> [Description of the task]:
In this exercise, return only the lines that run from the line with "Un espectacular incendio" to the end of the entries below, both included. Pictures are not copied.
··· Provided records ···
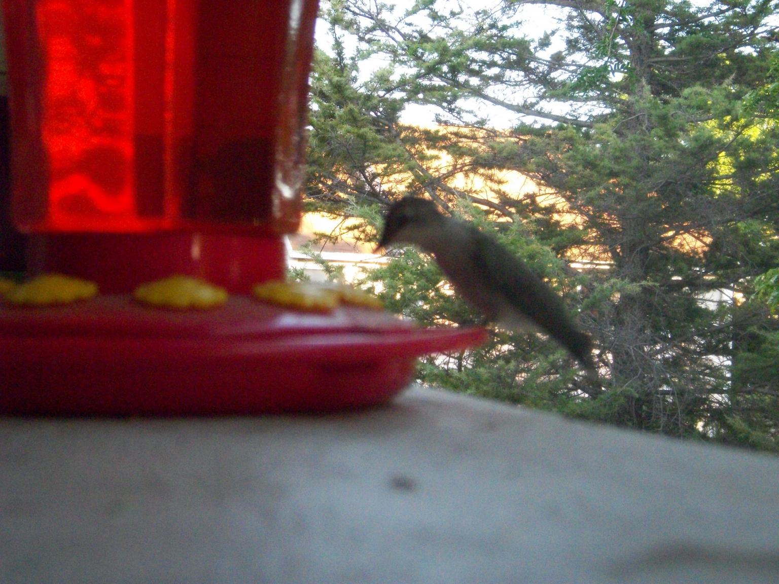 enochiam- here's the hummingbird pic my girlfriend was taking....I know off topic (live a little). his beak is way longer than appears ....must have turn our way while taking this pic. I am facinated by how fast their wings flap and can hover in 1 spot....then take off.
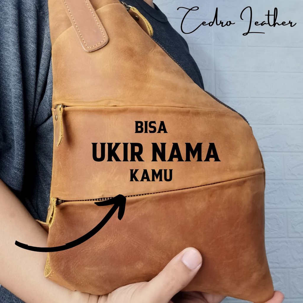 Detail CEDRO LEATHER Tas Kulit asli SLim Hazelnut Tipe RAMON
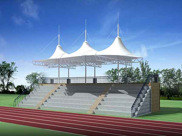 張拉膜看臺主要用于各類地方體育場主席臺雨棚,各類學校體育場看臺雨棚遮蓋,我公司是國內較早從事大懸挑張拉膜結構看臺設計施工的專業廠家,下面介紹一下我們在景德鎮市周邊縣市完工的一些張拉膜看臺設計施工案例,我公司先后在景德鎮周邊承接了景德鎮陶瓷大學張拉膜看臺雨棚、景德鎮學院張拉膜看臺罩棚、景德鎮陶瓷職業技術學院張拉膜看臺遮陽棚等設計施工項目,簡介如下:
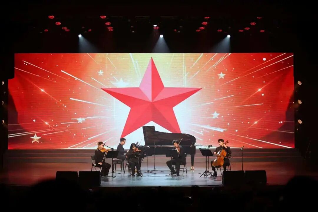 中国人民大学附属小学金帆京剧团演出的《红色娘子军》,融合传统唱腔与现代舞台手法,倾情讲述海南女子战斗连队的英勇事迹,以铿锵锣鼓、激昂唱段展现革命豪情,致敬红色精神。中国人民大学陕公合唱团附属中学金帆合唱团合唱《保卫黄河》《怒吼吧黄河》,展现青年学生用歌声缅怀革命先辈,致敬英雄,传递让黄河精神扎根青春心底、让抗战精神在新时代焕彩、用青春力量续写民族复兴的壮丽篇章的坚定信念。中国人民大学艺术学院乐器五重奏《钢铁洪流进行曲》《红星歌》,以钢琴的铿锵与弦乐的雄浑交织,展现出经典的赤诚情怀和洪流般的昂扬气势,让红色旋律迸发磅礴力量。
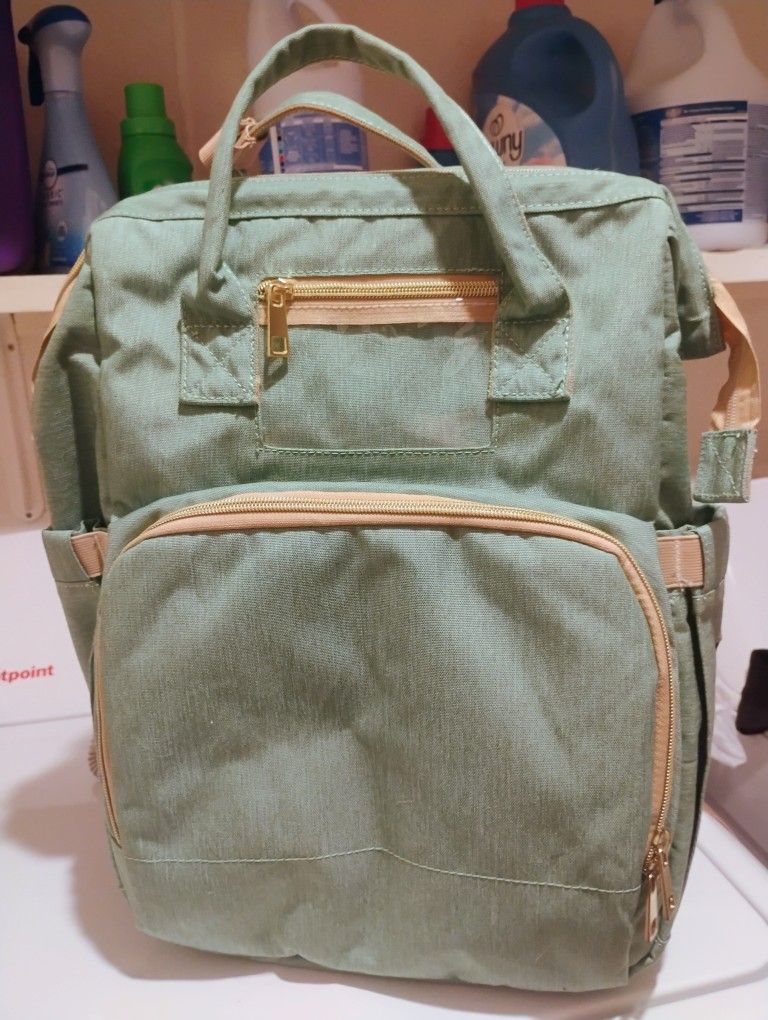 Backpack diaper bag with changer in the back. Has several compartments
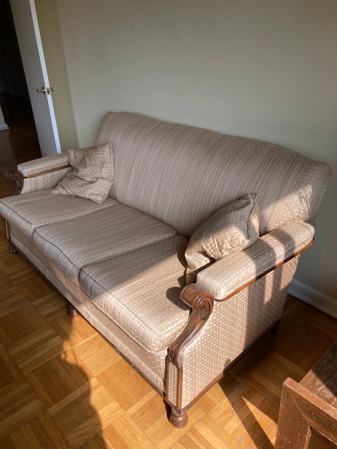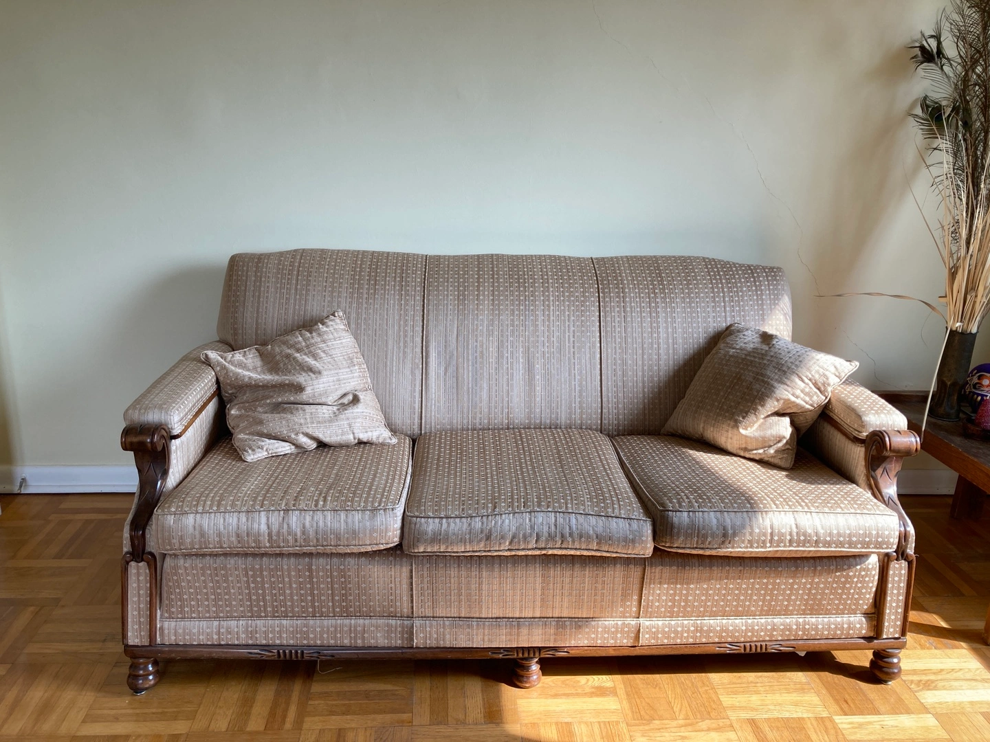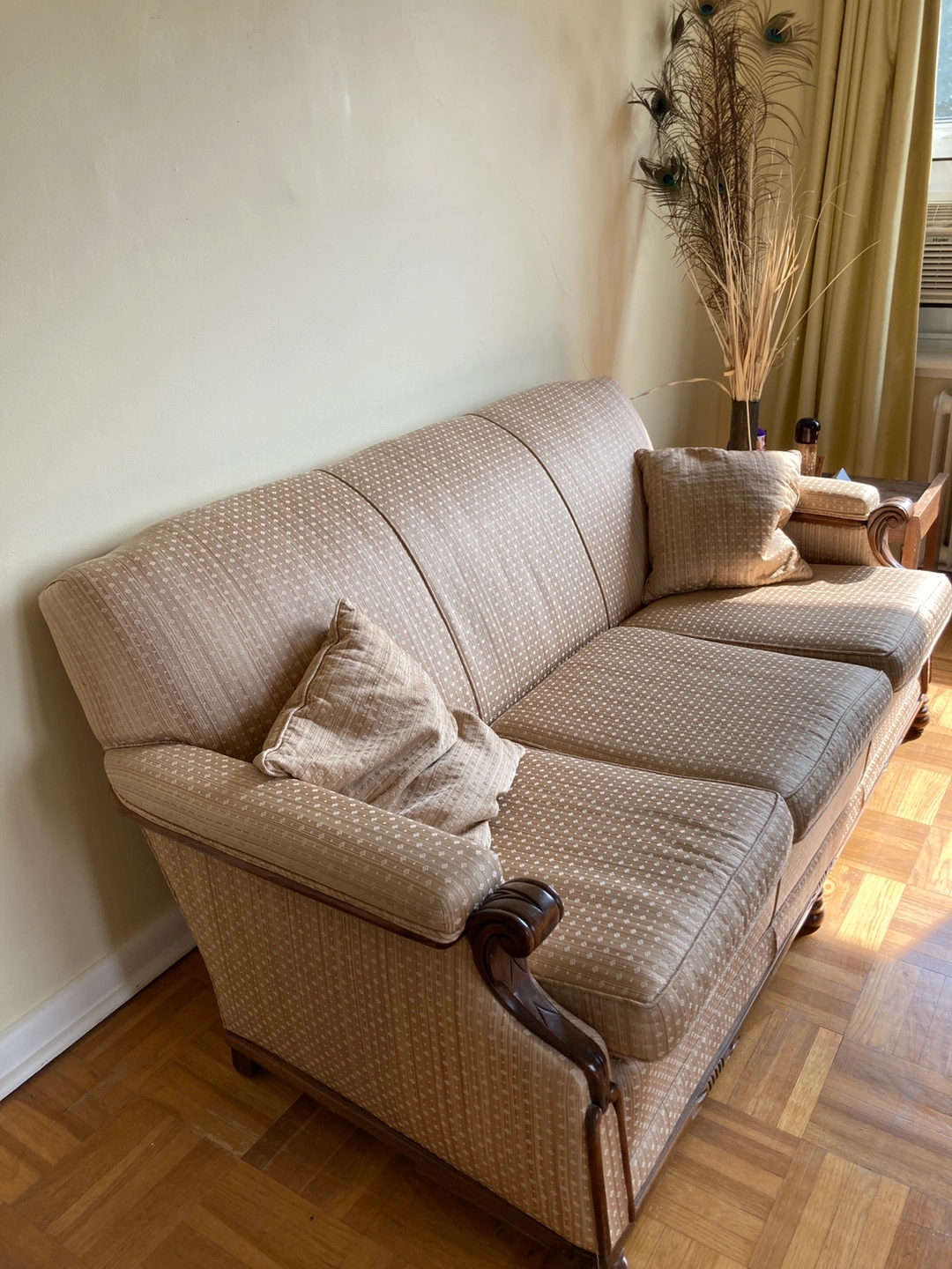FREE! A lovely vintage-style sofa and matching armchair. They have a classic design with patterned upholstery and wooden armrests. Perfect for adding a touch of elegance to your living room or can be used as a stage prop etc. The couch does need some work on the bottom, but in overall in very good condition.
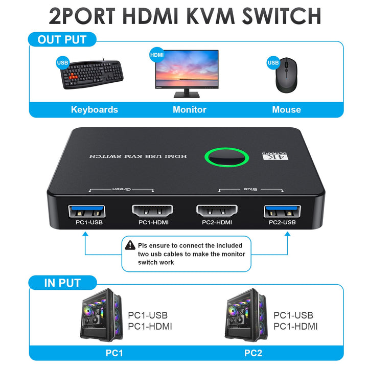2 Port HDMI KVM Switch - Share Mouse/Keyboard/Screen between 2 PCs - Compatible with Windows 7/10/11
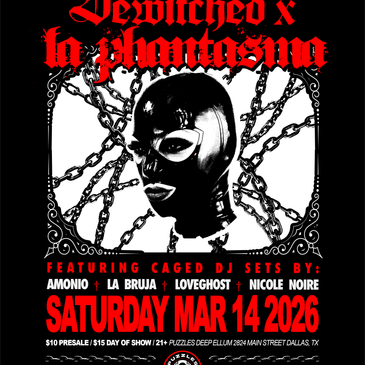 Bewitched and La Phantasma are coming to Puzzles Deep Ellum featuring caged DJ sets by Amonio, La Bruja, Loveghost, and Nicole Noire! More tickets will be available day of show.
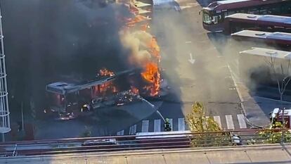 Un espectacular incendio en las cocheras de la EMT en Valencia calcina 16 autobuses y afecta a otros siete
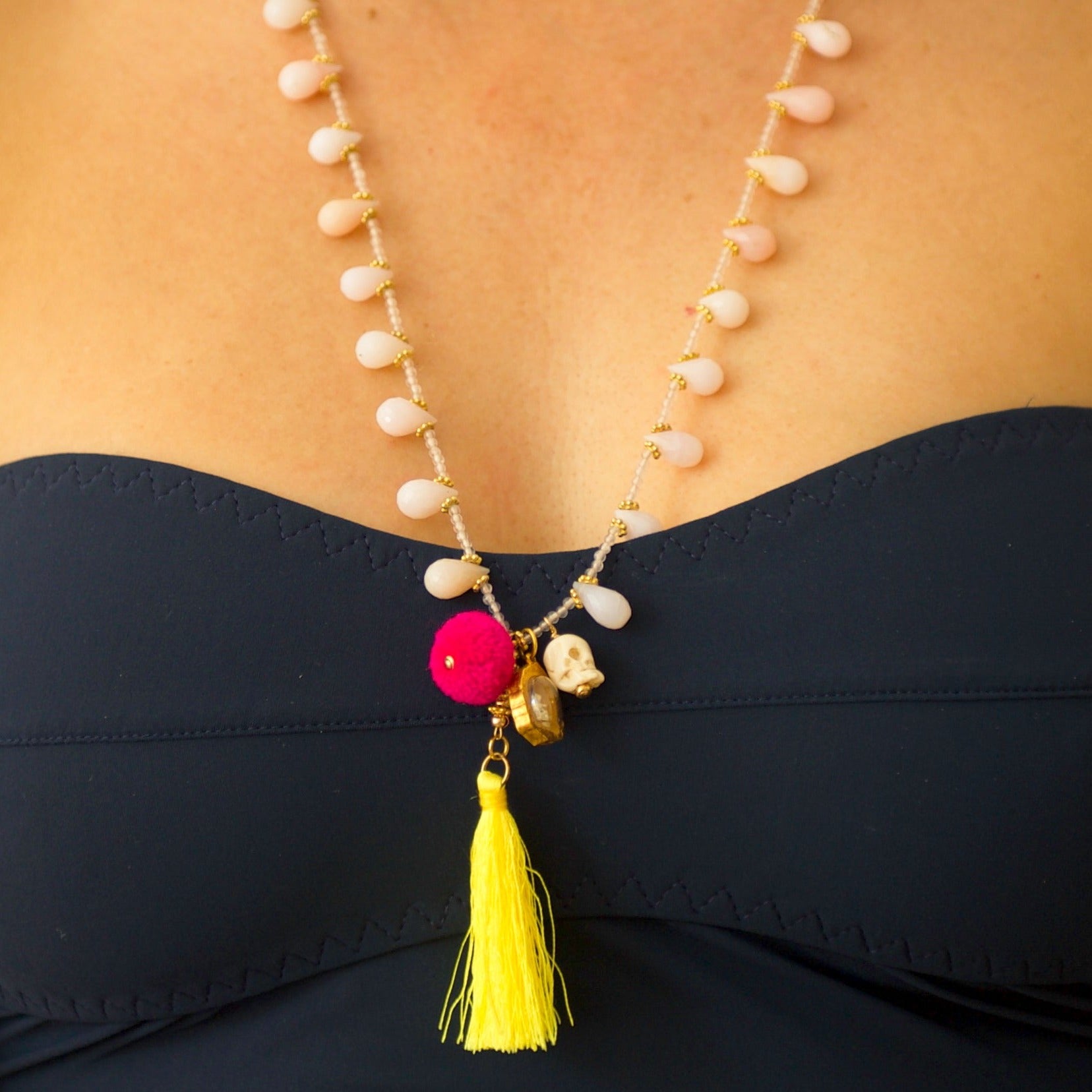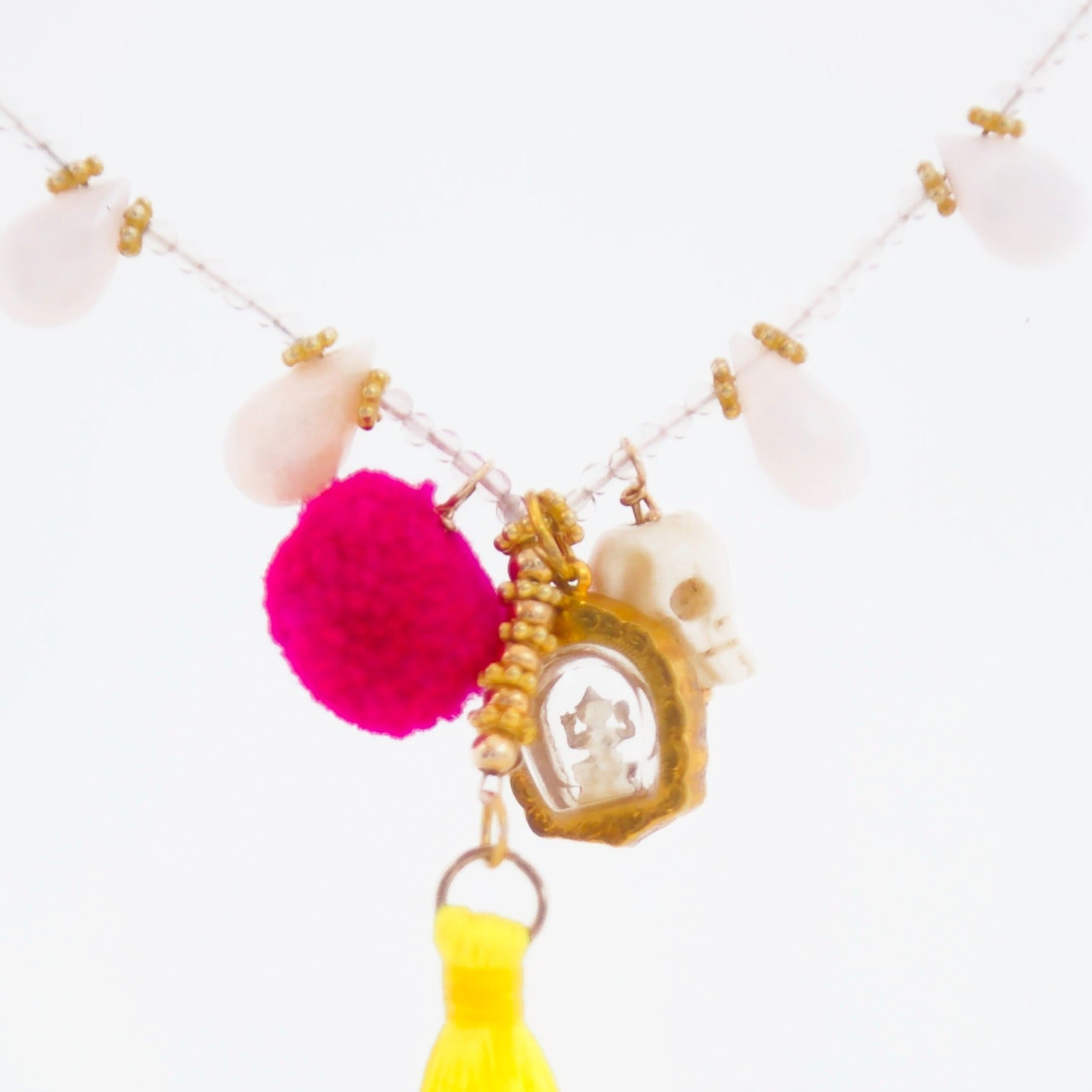 Charms: gold sacred Buddha amulet, bone skull, magenta pompom and a neon yellow tassel.
···
> [Answer to this task]:
 Un espectacular incendio en las cocheras de la EMT en Valencia calcina 16 autobuses y afecta a otros siete
 Charms: gold sacred Buddha amulet, bone skull, magenta pompom and a neon yellow tassel.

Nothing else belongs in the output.